= INSTRUCTIONS FOR THE TASK =
Write out each record exactly as given, but do not include the pictures.

= EXTRACTED ENTRIES =

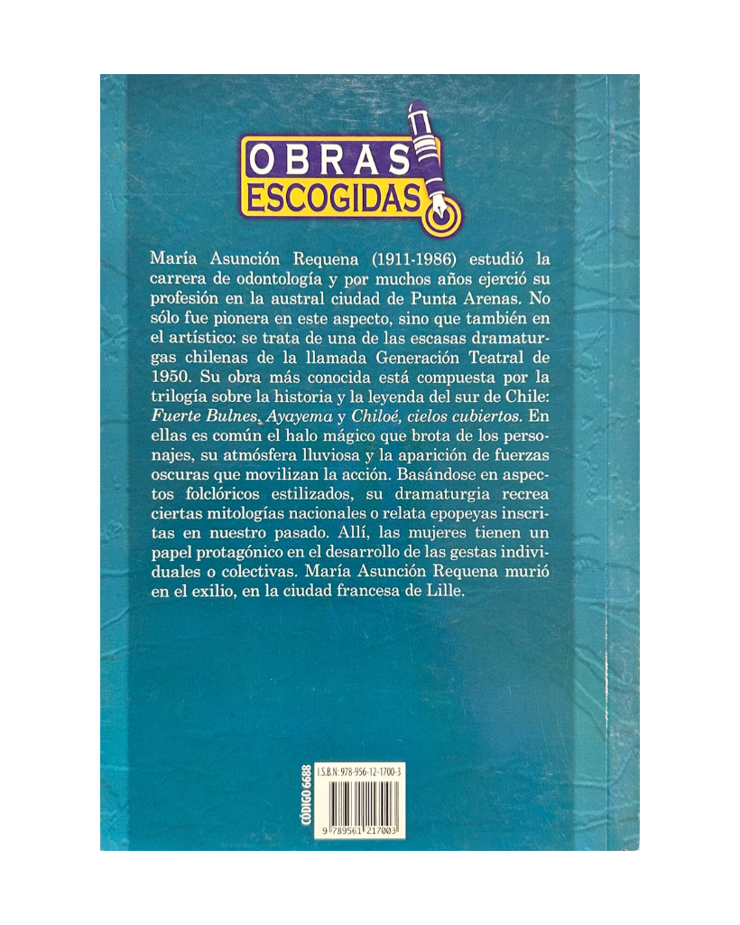 Este libro contiene dos de las obras más emblemáticas de la escritora chilena María Asunción Requeña, perteneciente a la Generación de 1950. En ellas relata las peripecias, mitos e historias de hombres y mujeres que fundaron pueblos y ciudades alejadas del centro y que continúan luchando en contra de la adversidad de la naturaleza.
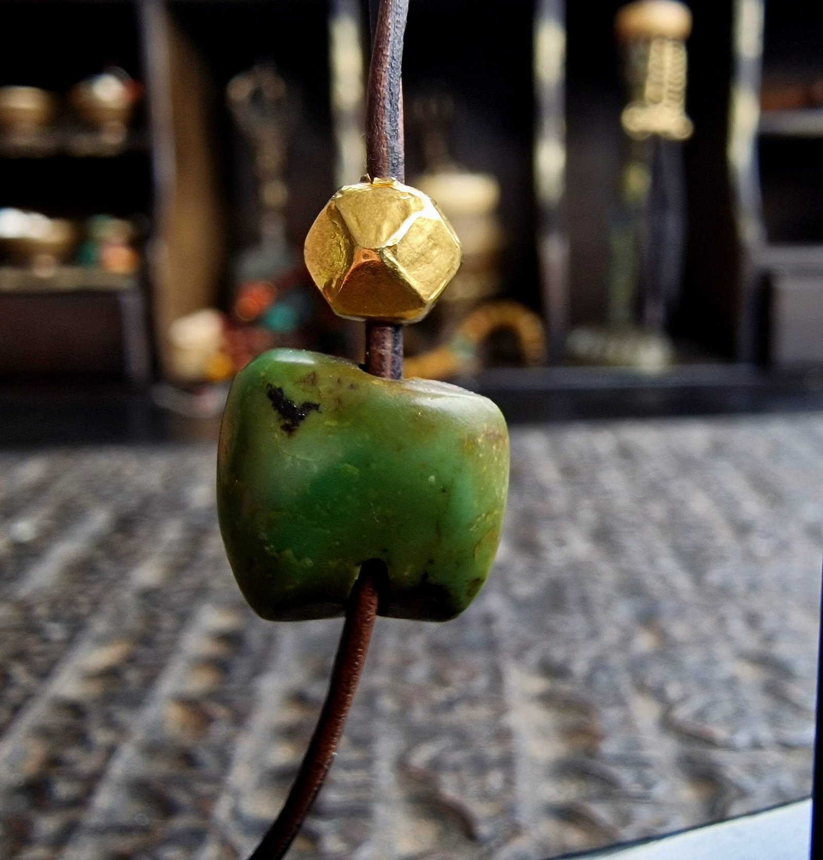 Unlike modern turquoise, this bead is not stabilized, dyed, or reconstituted — its colour, matrix, and energy are entirely natural, reflecting centuries of handling, devotion, and blessing.
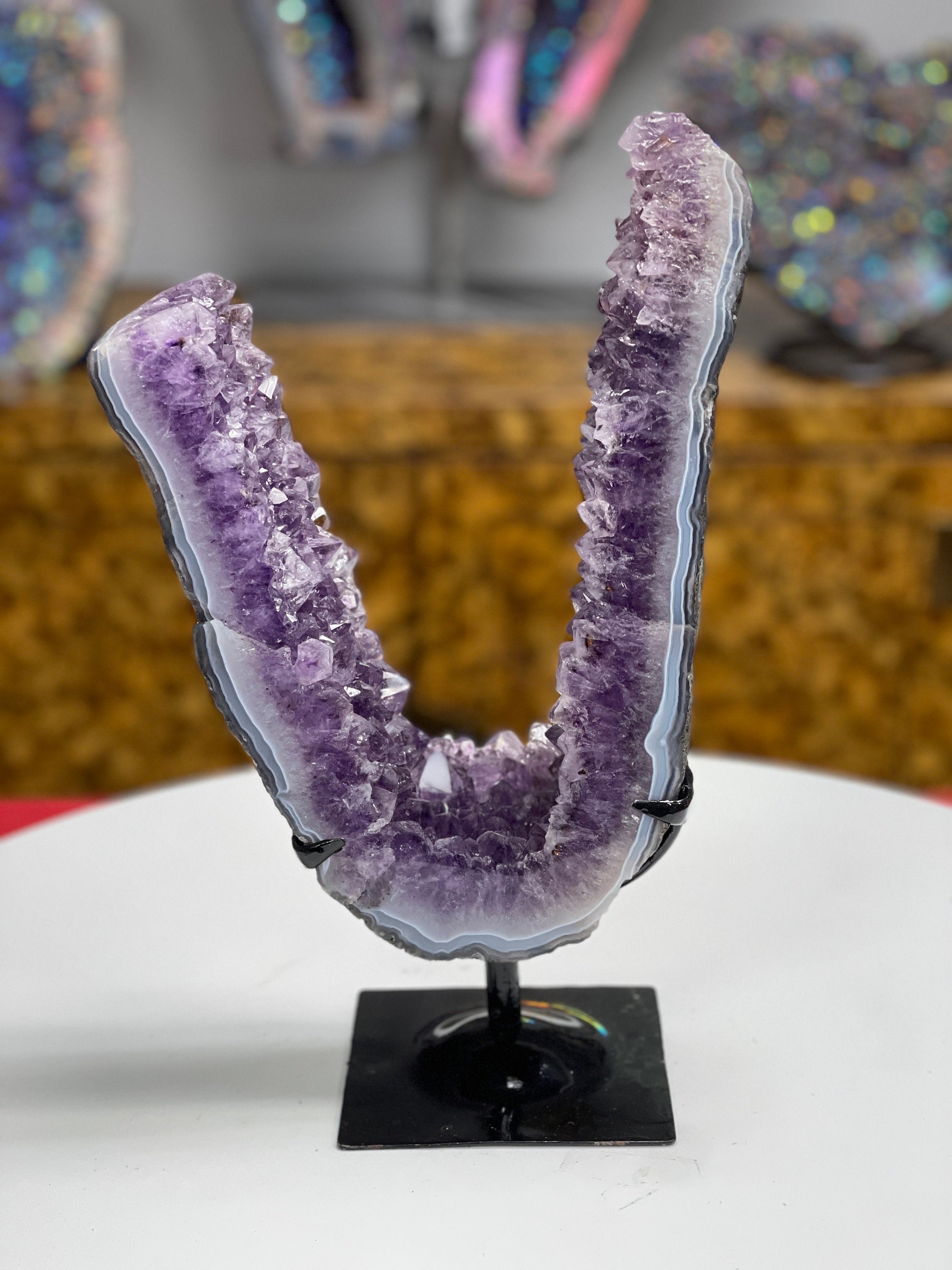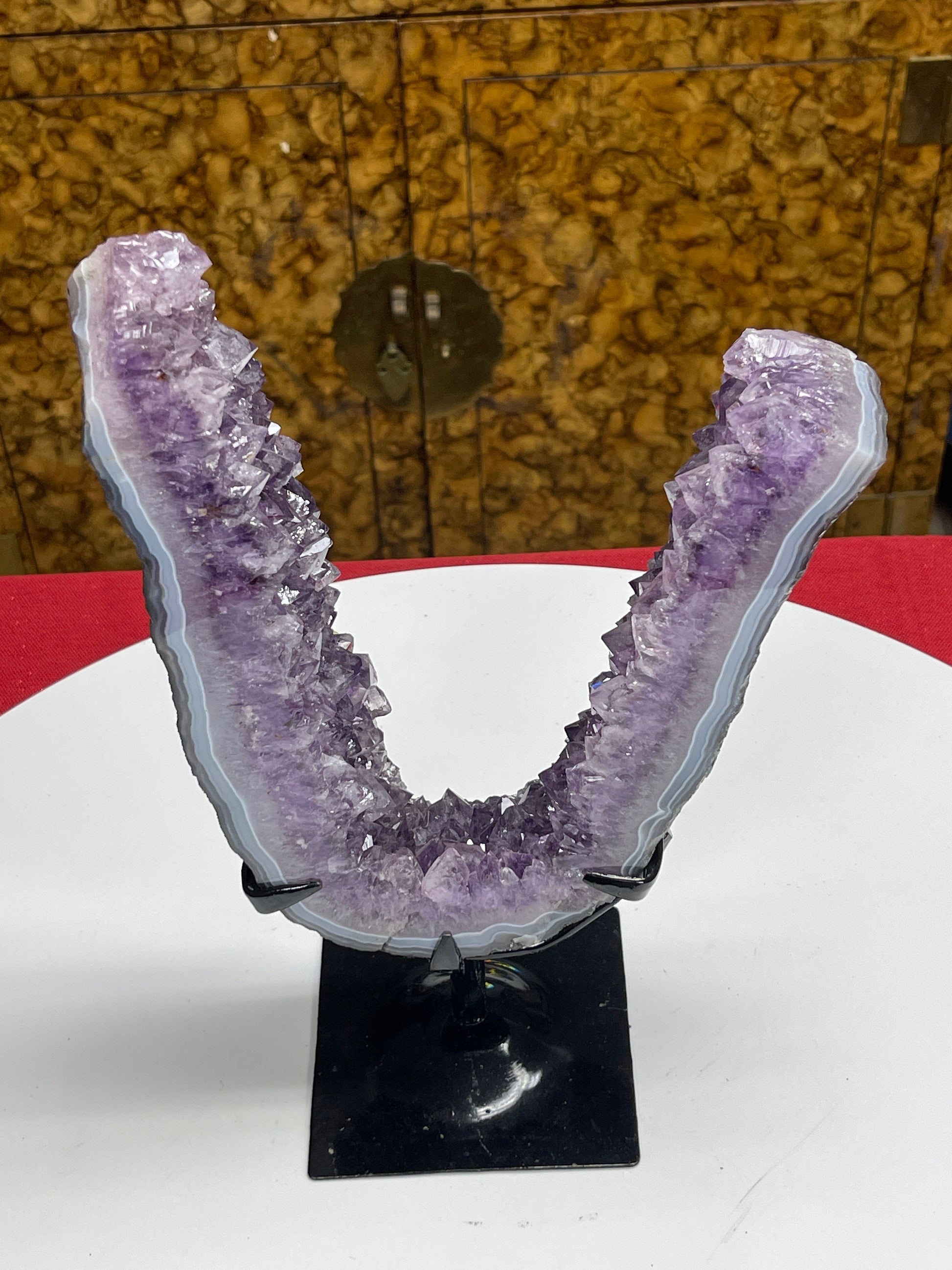 Large Amethyst Portal on Stand, Amethyst Statement Decor, Home Decor, Amethyst Geode, Calcite
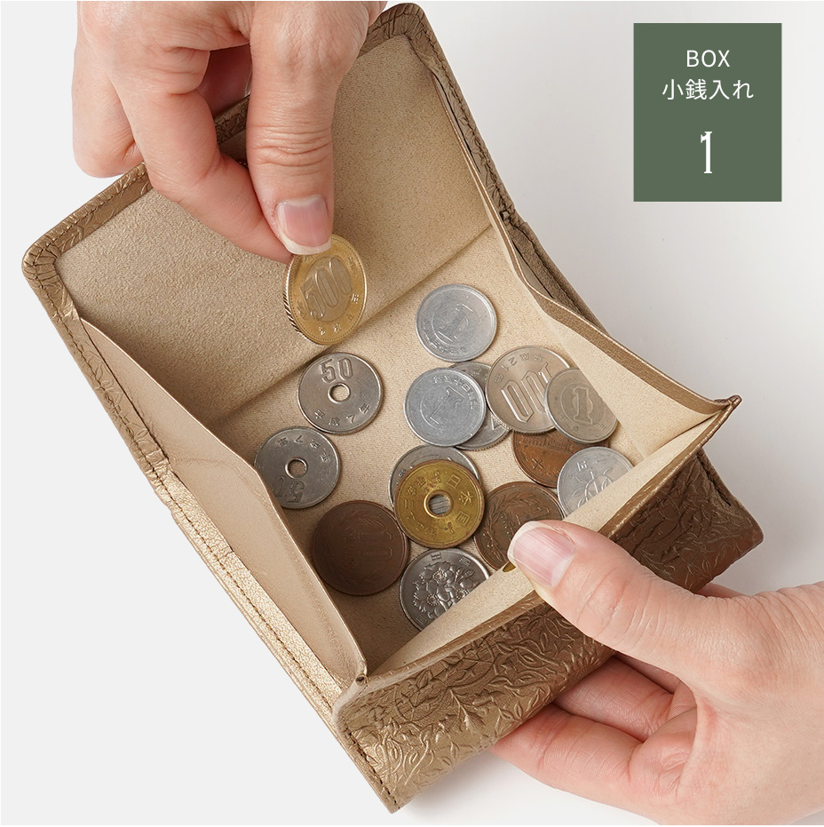 外側に独立したBOXタイプの小銭入れは、大きく開いて中が見やすく、出し入れもスムーズ。S字フォルムで中身が増えても膨らみを最小限に抑え、スリムな形状を保ちます。
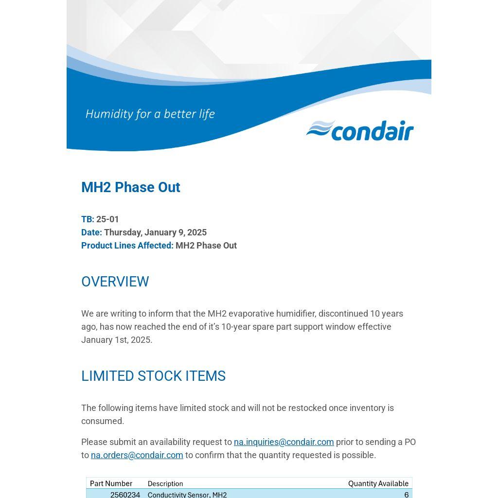 We are writing to inform that the MH2 evaporative humidifier, discontinued 10 years ago, has now reached the end of it’s 10-year spare part support window effective January 1st, 2025.
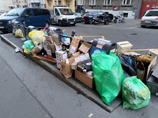 Nepořádek u popelnic na rohu ulic Čajkovského x Kubelíkova. Prosím o úklid.
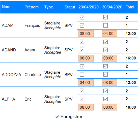 Les heures de présence sont dans un premier temps à l’état de proposition. Elles doivent être sauvegardées en cliquant sur le bouton « Enregistrer ».
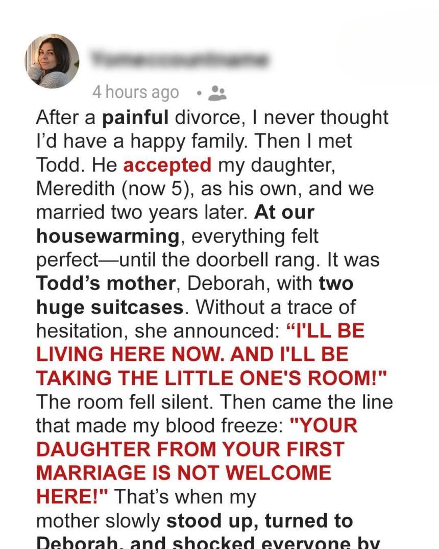 It was Todd’s mother, Deborah, standing there with two massive suitcases. Without asking, she swept inside and declared she’d be moving in… and taking Meredith’s bedroom. Then she looked straight at me and said the words that made my blood run cold: “Your daughter from your first marriage isn’t welcome here.”
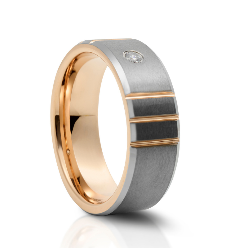 Our Brushed Grooved Tungsten Ring with Cubic features a Brushed Metal Finish with Rose Gold Grooves and Inlay. A single cubic is set delicately into the band.
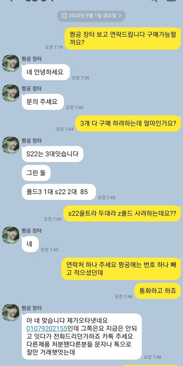실적올려드린다고 딸아이 신규가입 및 직거래 하자고 하니
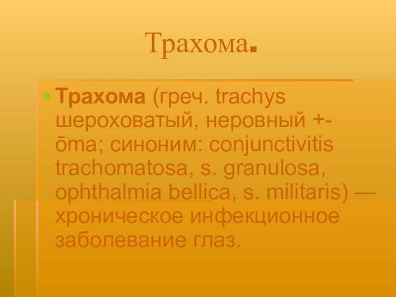 Трахома (греч. trachys шероховатый, неровный +-ōma; синоним: conjunctivitis trachomatosa, s. granulosa,
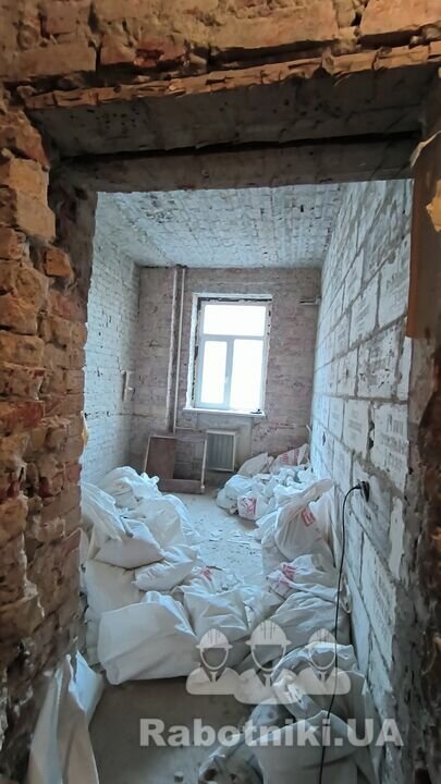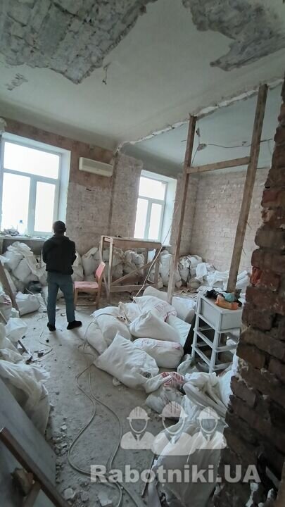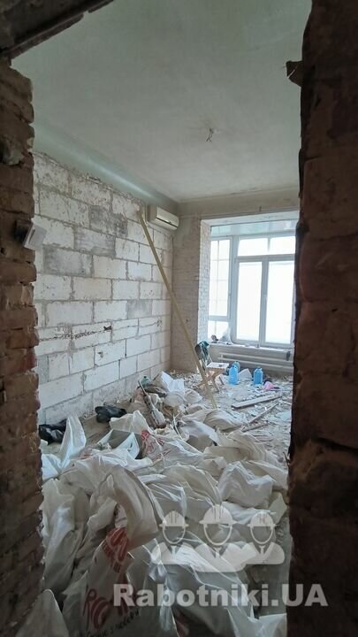 Демонтаж штукатурки, упаковка мусора в мешки и вывоз.
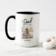 Surpreenda o Papai com uma caneca personalizada que ele irá guardar com carinho todas as manhãs. Esta xícara de café de cerâmica branca apresenta uma alça preta elegante e interior, com espaço para fazer upload de uma foto de seu filho enquadrada sob a palavra Papai em escrita elegante e um detalhe Est. ANO correspondente. O design se repete em ambos os lados para facilitar a visualização, e todas as cores são personalizáveis para combinar com o seu estilo. Seja para o Dia dos Pais, seu aniversário ou um presente atencioso para o dia a dia, este objeto é um lembrete caloroso das pessoas que ele mais ama.
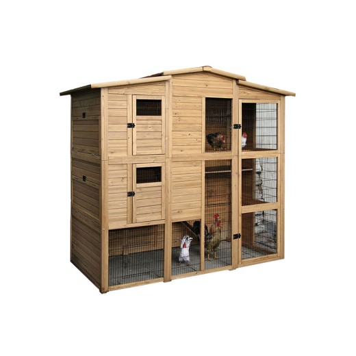Coteț de găini cu două etaje pentru 6-10 găini , cu dimensiunile de 222x115x200cm. Acesta este un coteț de găini perfect, dotat cu două stinghii , șase cuiburi de ouat și șase intrări în coteț și țarc pentru o curățare ușoară. Cotețul de găini este fabricat din lemn lăcuit , asigurând astfel o structură stabilă.
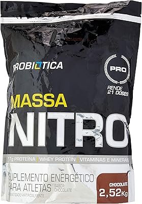 A Massa Nitro da Probiótica possui 2,52 kg de alta durabilidade, havendo em 360g uma média (3 shakes) de 25 gramas de proteínas e mais de 500 kcal. A sua fórmula é livre de glúten, além de ser composta por mineiras (pirofosfato de ferro, sulfato de zinco, sulfato de cobre, iodeto de potássio, etc.) que garantem 100% da ingestão diária recomendada em poucas doses.
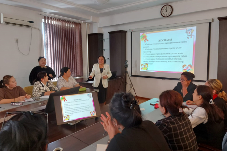 On 18 October 2023, a course "Abaitanu: "Integral Personality" for teachers of Almaty and Almaty region was held in Abai KazNPU. The lecture was delivered by Professor Gulbanu Kosymova, the author of a school textbook on this topic. The aim of the course was to explain to school teachers the concepts included in Abay`s doctrine of "Integral Personality" and to analyse them in connection with the concept of "Tolyk adam" in the works of ancient Turkic and medieval thinkers. The interest of the participants of the event was at a very high level. They asked questions and participated in analysing the phrase "Integral Person" in the legacy of the great Abai. At the end of the course, the listeners were awarded certificates.

= EXERCISE RESULT =
 Este libro contiene dos de las obras más emblemáticas de la escritora chilena María Asunción Requeña, perteneciente a la Generación de 1950. En ellas relata las peripecias, mitos e historias de hombres y mujeres que fundaron pueblos y ciudades alejadas del centro y que continúan luchando en contra de la adversidad de la naturaleza.
 Unlike modern turquoise, this bead is not stabilized, dyed, or reconstituted — its colour, matrix, and energy are entirely natural, reflecting centuries of handling, devotion, and blessing.
 Large Amethyst Portal on Stand, Amethyst Statement Decor, Home Decor, Amethyst Geode, Calcite
 外側に独立したBOXタイプの小銭入れは、大きく開いて中が見やすく、出し入れもスムーズ。S字フォルムで中身が増えても膨らみを最小限に抑え、スリムな形状を保ちます。
 We are writing to inform that the MH2 evaporative humidifier, discontinued 10 years ago, has now reached the end of it’s 10-year spare part support window effective January 1st, 2025.
 Nepořádek u popelnic na rohu ulic Čajkovského x Kubelíkova. Prosím o úklid.
 Les heures de présence sont dans un premier temps à l’état de proposition. Elles doivent être sauvegardées en cliquant sur le bouton « Enregistrer ».
 It was Todd’s mother, Deborah, standing there with two massive suitcases. Without asking, she swept inside and declared she’d be moving in… and taking Meredith’s bedroom. Then she looked straight at me and said the words that made my blood run cold: “Your daughter from your first marriage isn’t welcome here.”
 Our Brushed Grooved Tungsten Ring with Cubic features a Brushed Metal Finish with Rose Gold Grooves and Inlay. A single cubic is set delicately into the band.
실적올려드린다고 딸아이 신규가입 및 직거래 하자고 하니
 Трахома (греч. trachys шероховатый, неровный +-ōma; синоним: conjunctivitis trachomatosa, s. granulosa,
 Демонтаж штукатурки, упаковка мусора в мешки и вывоз.
 Surpreenda o Papai com uma caneca personalizada que ele irá guardar com carinho todas as manhãs. Esta xícara de café de cerâmica branca apresenta uma alça preta elegante e interior, com espaço para fazer upload de uma foto de seu filho enquadrada sob a palavra Papai em escrita elegante e um detalhe Est. ANO correspondente. O design se repete em ambos os lados para facilitar a visualização, e todas as cores são personalizáveis para combinar com o seu estilo. Seja para o Dia dos Pais, seu aniversário ou um presente atencioso para o dia a dia, este objeto é um lembrete caloroso das pessoas que ele mais ama.
Coteț de găini cu două etaje pentru 6-10 găini , cu dimensiunile de 222x115x200cm. Acesta este un coteț de găini perfect, dotat cu două stinghii , șase cuiburi de ouat și șase intrări în coteț și țarc pentru o curățare ușoară. Cotețul de găini este fabricat din lemn lăcuit , asigurând astfel o structură stabilă.
 A Massa Nitro da Probiótica possui 2,52 kg de alta durabilidade, havendo em 360g uma média (3 shakes) de 25 gramas de proteínas e mais de 500 kcal. A sua fórmula é livre de glúten, além de ser composta por mineiras (pirofosfato de ferro, sulfato de zinco, sulfato de cobre, iodeto de potássio, etc.) que garantem 100% da ingestão diária recomendada em poucas doses.
 On 18 October 2023, a course "Abaitanu: "Integral Personality" for teachers of Almaty and Almaty region was held in Abai KazNPU. The lecture was delivered by Professor Gulbanu Kosymova, the author of a school textbook on this topic. The aim of the course was to explain to school teachers the concepts included in Abay`s doctrine of "Integral Personality" and to analyse them in connection with the concept of "Tolyk adam" in the works of ancient Turkic and medieval thinkers. The interest of the participants of the event was at a very high level. They asked questions and participated in analysing the phrase "Integral Person" in the legacy of the great Abai. At the end of the course, the listeners were awarded certificates.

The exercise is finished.